Review - Julius Caesar (The Courtyard Theatre)

If there's one play which mirrors the world's political landscape over the last couple of years, it's Julius Caesar. It's testament to the genius of Shakespeare's longevous writing that the political tragedy has been popping up in theatres at breakneck speed as of late, with notable recent production including Angus Jackson's spears and sandals production at the RSC and Nicholas Hytner's current production at the Bridge Theatre, which brings the drama into a gritty 21st century setting. But Spada Productions' gutsy new take goes a step further than both of those iterations, and drops Brutus and co. into a grim post apocalyptic wasteland, where a need for survival drives the actions of the play's notorious conspirators. 

Matt Daniels and Mitch Howell as Brutus and Cassius in Julius Caesar
Photo credit - Gary Cooper (SquareFreedomPhotography.com)
Director William Vercelli's bold vision is something to marvel at. In Vercelli's baron future, a violent form of masculinity rumbles steadily on, riling up the fiendish Cassius and urging the initially rather reticent Brutus into becoming the leader of a band of assassins tasked with murdering their country's beloved leader. 

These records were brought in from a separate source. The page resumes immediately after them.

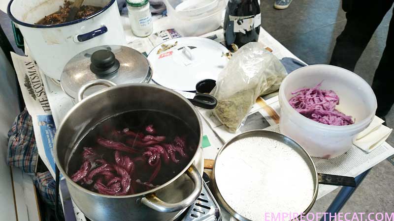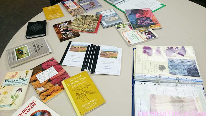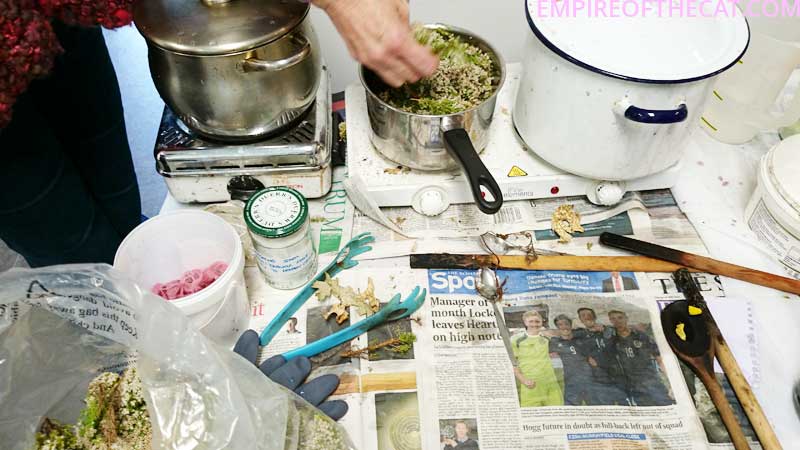 I’ve dabbled a wee bit with plant dyeing before, mostly with some of the more common/well known plants known for dyeing, such as onions, nettles, coffee, tea, tumeric etc, but I was interested in learning more about what other local wild plants could be used for producing good dyes and of course, being inspired by the colours of Scotland, I was intrigued to see what plants could be used and what I could possibly track down when on my trip next month.
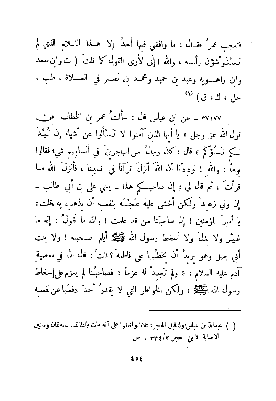 37178- عن ابن عباس قال: سألت عمر بن الخطاب عن قول الله عز وجل {يَا أَيُّهَا الَّذِينَ آمَنُوا لا تَسْأَلوا عَنْ أَشْيَاءَ إِنْ تُبْدَ لَكُمْ تَسُؤْكُمْ} قال: كان رجال من المهاجرين في أنسابهم شيء فقالوا يوما: والله! لوددنا أن الله أنزل قرآنا في نسبنا، فأنزل الله ما قرأت، ثم قال لي: إن صاحبكم هذا - يعني علي بن أبي طالب - إن ولي زهد ولكن أخشى عليه عجبه بنفسه أن يذهب به، قلت: يا أمير المؤمنين! إن صاحبنا من قد علمت! والله ما نقول: إنه ما غير ولا بدل ولا أسخط رسول الله صلى الله عليه وسلم أيام صحبته! ولا بنت أبي جهل وهو يريد أن يخطبها على فاطمة؟ قلت: قال الله في معصية آدم عليه السلام: {وَلَمْ نَجِدْ لَهُ عَزْماً} فصاحبنا لم يعزم على إسخاط رسول الله صلى الله عليه وسلم، ولكن الخواطر التي لا يقدر أحد دفعها عن نفسه
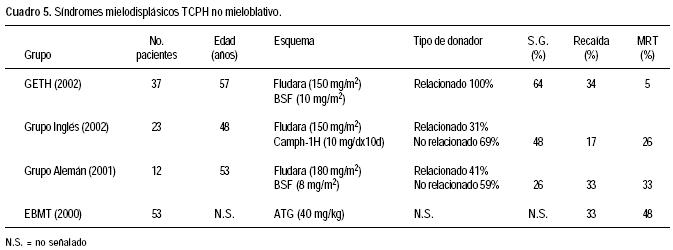 El sustento teórico de estos trasplantes es que una reducción en la intensidad del acondicionamiento reduce la toxicidad/mortalidad y por otro lado que la administración de drogas predominantemente inmunosupresoras en el acondicionamiento facilita el injerto de la MO trasplantada y el consiguiente efecto de injerto contra leucemia, linfoma o neoplasia. En vista del grupo de edad en que se presentan los SMD, este tratamiento es particularmente atractivo en este subgrupo de pacientes, existiendo, sin embargo, escasa información de su utilidad (Cuadro 5).
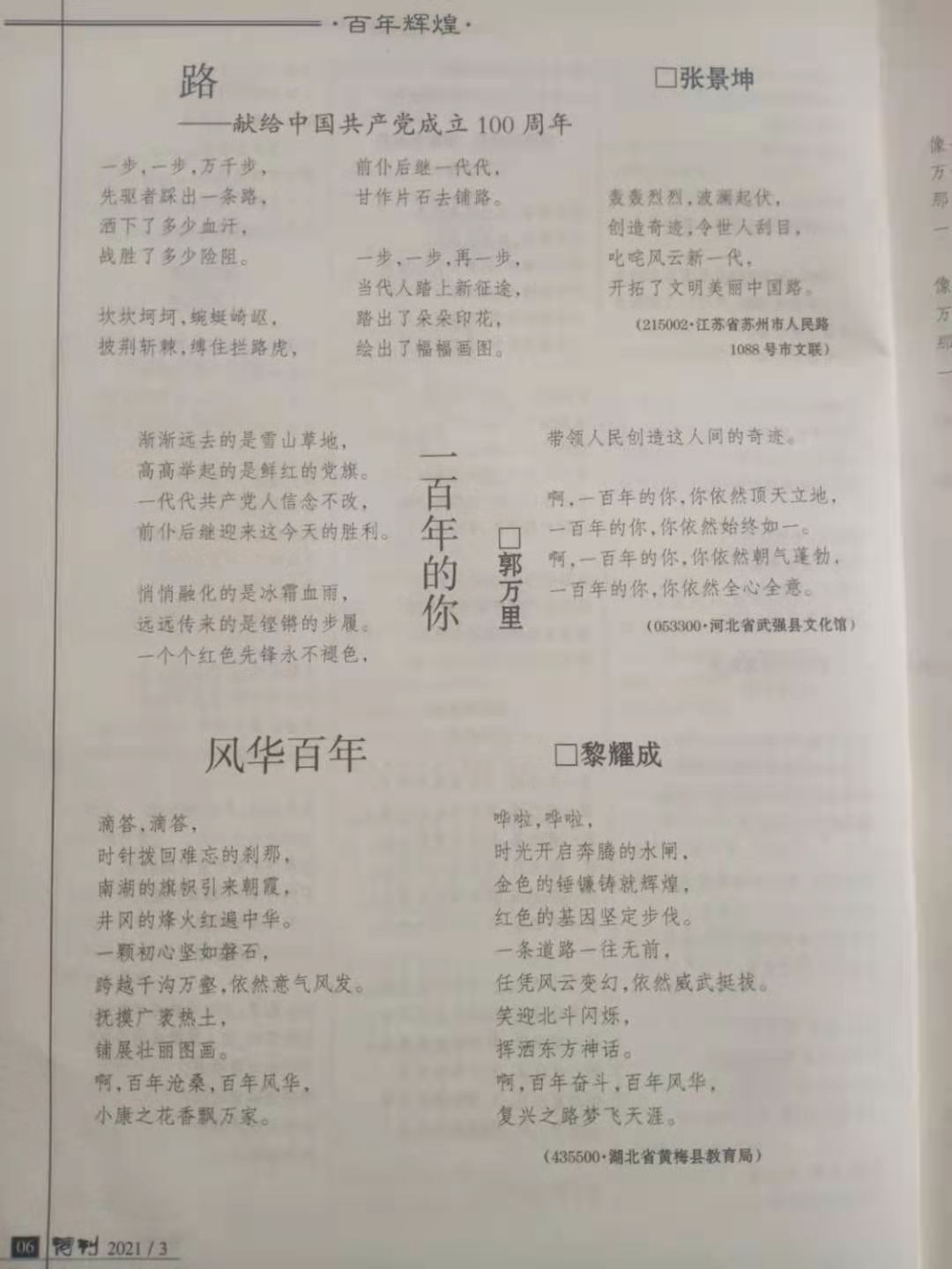 “黨史不僅能夠記載在文獻里,也應該穿插進歌詞中,讓更多的人傳唱,從而擴大紅色文化的影響力和傳播力。”今年56歲的郭萬里是一名老黨員,還是一名優秀的詞作者,曾創作了不少優秀作品。他說,今年是中國共產黨百年華誕,作為一名詞作者,他心情澎湃,想創作百首紅歌寄托對黨的深摯祝福,也希望能夠通過原創歌曲生動再現黨的光輝歷程,傳承紅色精神。今年春節過后,他便開始準備創作素材,不僅翻閱了大量歷史資料,還觀看了不少戰爭片,同時通過參觀紀念館、紀念碑等方式來探尋精神、尋找靈感……自今年3月1日起,平時就愛好積累的他,滿懷激情、飽含深情開始創作,一發不可收,“下筆如有神”。為讓詞句更加生動、準確及精煉,每創作完一首歌詞,他都不厭其煩推敲斟酌,修改潤色,做到了精益求精。

Overcome with admiration and lust, Mitch Howell's serpentine Cassius controls Matt Daniels' Brutus like a puppet on a string. Combining flattery and seduction, he manipulates the object of his desire into plotting Caesar's downfall. The duo crackle dangerously, an undercurrent of mutual bloodlust binding them together, and the scenes they share are undoubtedly the most fascinating and complex in this production. Aïsha Kent's Calpurnia is another interesting character well portrayed. Reimagined as a mystical woman, seemingly capable of channelling spirits and prophesying the future, it is she who cries out 'beware the ides of march' in the production's striking opening scene. If only her husband Caesar could match her strength of spirit. As the titular general director William Vercelli is less convincing. He portrays a Caesar who seems unsure of himself, more peevish than all-powerful. Subsequently it is difficult to see he and the forbearing Brutus as the equals the text implies they are. Nevertheless, his downfall is suitably horrific, and creates a striking image which cements Vercelli's merciless Rome as an engagingly volatile and bloody one.

The cast of Julius Caesar
Photo credit - Gary Cooper (SquareFreedomPhotography.com)
However, on several occasions the cruel atmosphere which dominates the production oversteps into something much more sinister. The usually loving and devoted relationship between Brutus and his stately wife Portia is contorted into a murky marriage marred by savage and intense sexual violence, which culminates in a distraught Portia initiating a graphic coat hanger self-abortion and dying as a result. Even the most affable audience members will almost certainly find Portia's ghastly treatment uncomfortable to watch. Additionally, another unendurable scene sees Brutus coaxing his young servant to touch himself while he watches on voyeuristically. Far from 'the noblest Roman of them all', the Brutus moulded by Vercelli's Julius Caesar is a reprehensible wretch. In a world dominated by barbarity, the exploration of sadistic carnality and destructive masculinity is certainly interesting, but at times it seems gratuitous; more eager to shock its unsuspecting audience than provide particularly enlightening commentary for them. 

That being said, this Julius Caesar is certainly fresh, and successfully reinvents the well trodden play as something much darker and more distressing than the title suggests. Is the mistreatment of certain female characters undue? Almost certainly. Are the attempts to shock and distress audiences miscalculated at times? Without a doubt. But this stifling production builds a convincing world, where civilisation is a thing of the past, and individuals demonstrate power in any way they can think of, be that sexual domination, mental manipulation, or basely inhumane savagery. And for that reason, some of the production's most hyper-violent moments seem just about justifiable as artistic choices. The impressive world building is bolstered by Jenn Sambridge's simple yet completely immersive production design, and Gregory Jordan's lighting design, which casts a sickly light on each brutal scene.

Slimlining the conspirators, who are usually portrayed as a fearful and calculating bunch, into a handful of ragtag incendiaries, completely alters the dynamic of the play, and so when Christopher G. Jones's brattish Octavius saunters in at the end of the play and positions himself as the first emperor of Rome, it comes as a breath of fresh air. Will the broken country be any less fragmented under his rule? Probably not, but at least he'll shake things up a bit.